Britain counts the cost of Brexit as negotiations with Europe begin: Don Pittis
The disadvantages of pulling out of Europe with a 'hard Brexit' suddenly begin to take shape
British Prime Minister Theresa May has no time to dawdle. Despite confusion at home, the clock on Brexit is ticking, and as talks with Europe begin, things aren't going quite the way May expected.
With the assertive-sounding — if empty — slogan "Brexit means Brexit," the Conservative leader boldly pulled the trigger on Article 50 back in March, beginning a negotiation process with a firm two-year deadline.
May talked tough. Her surprise move to call a snap election was expected to strengthen her hand at the table. But the strategy flopped.

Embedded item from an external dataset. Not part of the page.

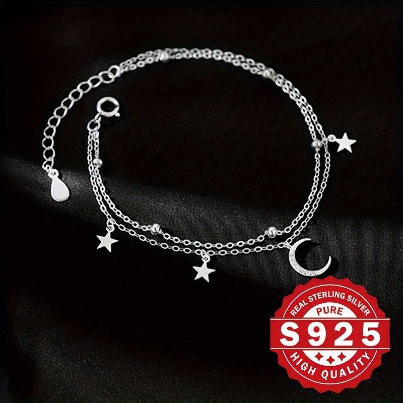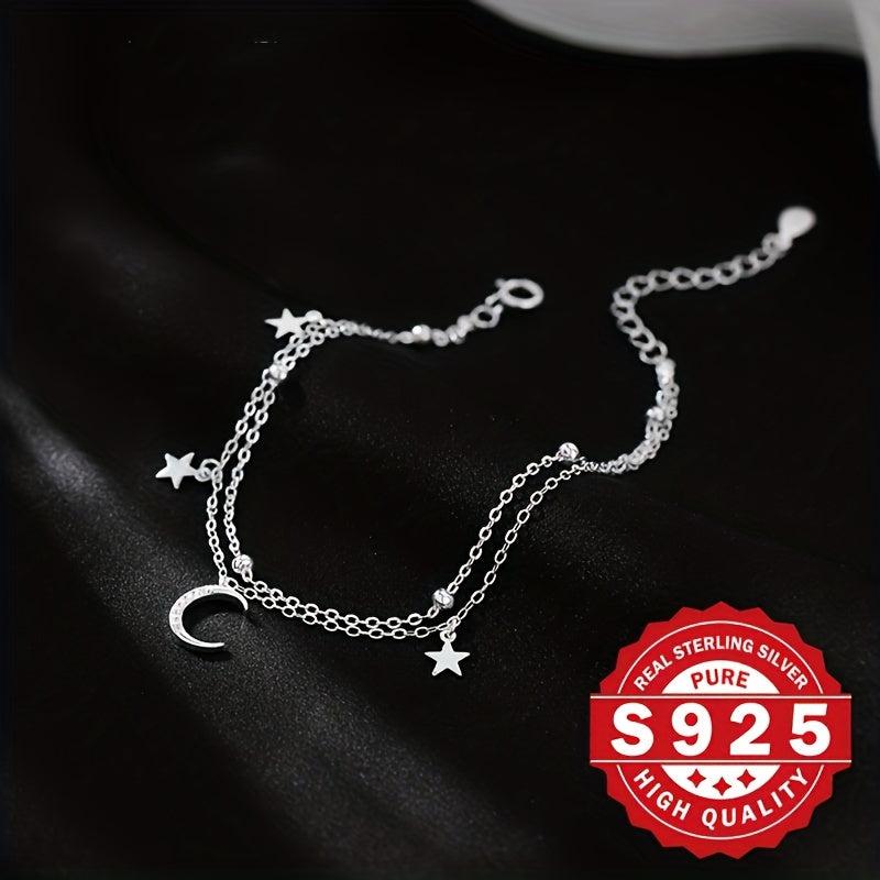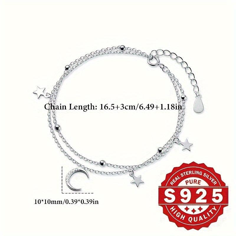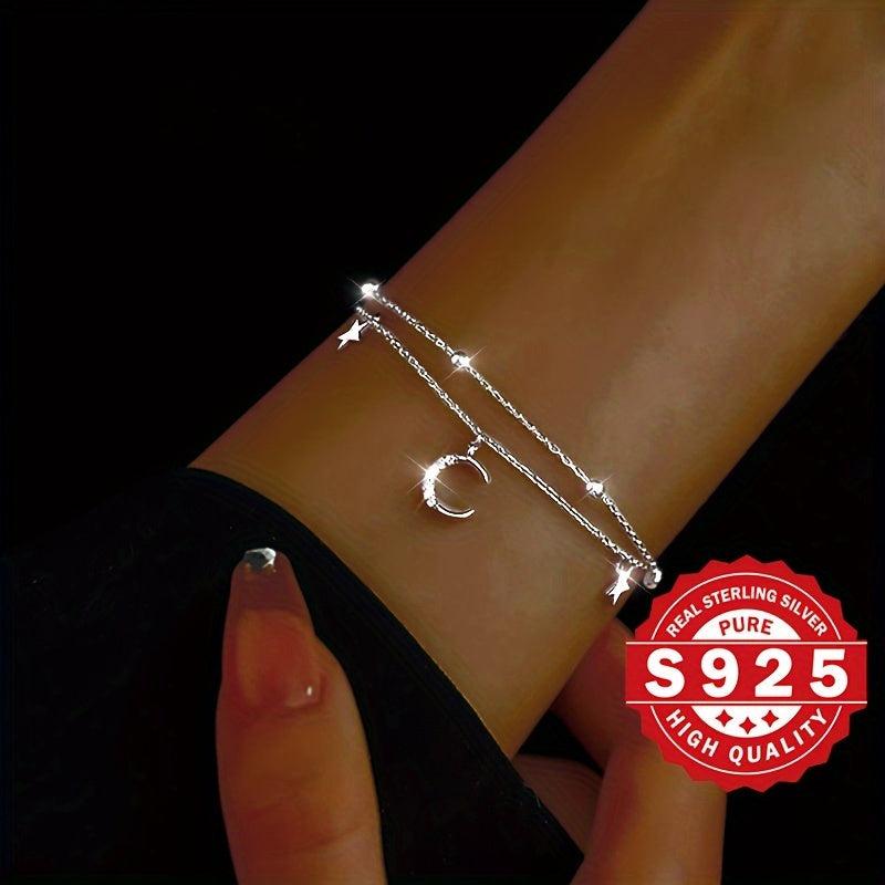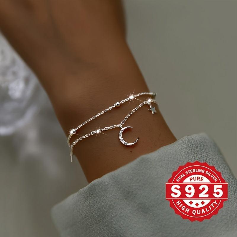 This charming bracelet features a double layer design with star and moon charms set in s925 silver. Adorned with artificial zirconia for added sparkle, this bracelet exudes a fresh forest style.

Now, with her minority government struggling and her own future as leader in doubt, May's negotiating team is under pressure.
The deadline can be extended, but only with the unanimous support of every member state of the European Union. At this point such an extension is far from a sure thing.
Theoretically, as hardline Brexiters have suggested, Britain could just walk away from the talks, unilaterally declaring its independence as a sovereign nation and offering this message to those slippery continentals: get stuffed.
But now that the deal is pressing, British businesses, interest groups and ordinary people are beginning to realize how much is at stake. Walking away would leave too much on the table.
One of the most obvious points of contention as the talks begin is cash, with the European team estimating that Britain will owe something in the order of €100 billion when the deal closes in 2019. British hardliners say au contraire, insisting Europe owes Britain cash.
"It's more like leaving a gym or a club," the London Telegraph quoted one unnamed source as saying. "You don't continue to pay for other people to use the facilities after you leave."
Of course that's not true if you were part owner of the club and had run up large debts during the 40 years you were a member, then skipped out without covering your share.
As a first stage, the Europeans aren't asking for an absolute figure. All they want to do is agree to a formula to calculate what that figure would be.
And while paying a bill of tens of billions of pounds attracts outrage in the tabloids, other costs to Britain will be much more significant.
Trade and finance are two items on the agenda that have real measurable costs. According to the British Office of National Statistics, in 2016 the U.K. exported 44 per cent of its goods and services, tariff free, to other European countries. That's £240 billion worth of exports out of a total of £550 billion.
Walking away from Europe without an accord could leave Britain in a worse trade position with the EU than Canada once the CETA free trade deal kicks in.
From its historic position as a global hub of finance, Britain — specifically the City of London as its financial district is called — has taken the role of Europe's business capital as well, issuing European bonds and hosting savvy traders from all the countries of the EU. The world does much of its European business there.
Already companies are reconsidering the need for their London headquarters to conduct European affairs. Without a friendly deal on taxes, regulations and residency, The City of London could see its business shrink as bankers and the professionals that serve them go elsewhere. High-paying jobs would be lost.
One financial cost has already hit every British citizen. The value of personal savings fell by tens of billions and spending power declined sharply after the pound fell in the wake of the Brexit vote.
Last week British retail sales also fell sharply, with analysts blaming it on an inflation rate that has climbed to 2.5 per cent. Central bank governor Mark Carney was nearly forced to raise interest rates but has delayed for now.
Other costs are far harder to measure.
Many British citizens have recreational properties or retirement homes on the continent. As members of the EU, residency rules, property ownership, taxes and health care provisions are all clearly laid out. A hostile negotiation could threaten those.
For young people, the opportunities to work or study in other parts of Europe could disappear. The status of the border with Ireland and the pro-European sentiment in Scotland have yet to be resolved.
Perhaps the worst part of the separation process will be the loss of European influence on dowdy, parochial British politics.
Continental Europe has emerged as an economic hot spot. Unemployment is falling. In Emmanuel Macron, France has a new young, dynamic, outward-looking pro-European leader and a strong majority.
Yet against her every intention, May's stumble may have saved Britain from becoming isolated and inward-looking, the new 1960s Portugal celebrating its lost empire as the country crumbles.
Instead of showing the strength of her hardline position, with her failure at the polls, May has succeeded in weakening Britain's intransigent, hard-Brexit negotiating position.
With Labour nipping at her heels, with newly empowered pro-Europeans among conservative MPs and in the House of Lords, with the dynamic voice of British youth crying out to retain links with Europe, May — or her eventual replacement — could be forced to make a compromise deal that will serve Britain better.